* Problem description
In the listing below, locate the line containing "fiabilitate foarte ridicată" and the line containing "市民在戶外大屏觀看慶祝大會(huì)直播(綿陽日?qǐng)?bào)社融媒體記者 王勇 攝)". Output both of them and every line between, exactly as written, and nothing more.

* The input
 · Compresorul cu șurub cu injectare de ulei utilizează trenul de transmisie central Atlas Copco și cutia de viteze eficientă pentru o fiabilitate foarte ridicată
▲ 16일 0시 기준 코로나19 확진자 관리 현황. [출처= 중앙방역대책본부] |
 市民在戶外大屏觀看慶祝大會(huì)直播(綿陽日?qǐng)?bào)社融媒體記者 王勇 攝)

---

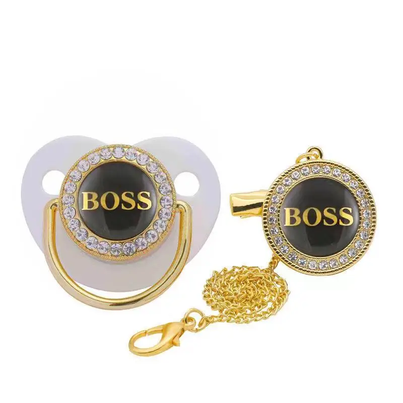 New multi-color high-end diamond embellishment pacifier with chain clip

* * *

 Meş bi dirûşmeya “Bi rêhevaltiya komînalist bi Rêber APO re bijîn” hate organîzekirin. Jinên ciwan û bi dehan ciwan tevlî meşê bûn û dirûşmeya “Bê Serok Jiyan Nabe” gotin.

* Result below
 · Compresorul cu șurub cu injectare de ulei utilizează trenul de transmisie central Atlas Copco și cutia de viteze eficientă pentru o fiabilitate foarte ridicată
▲ 16일 0시 기준 코로나19 확진자 관리 현황. [출처= 중앙방역대책본부] |
 市民在戶外大屏觀看慶祝大會(huì)直播(綿陽日?qǐng)?bào)社融媒體記者 王勇 攝)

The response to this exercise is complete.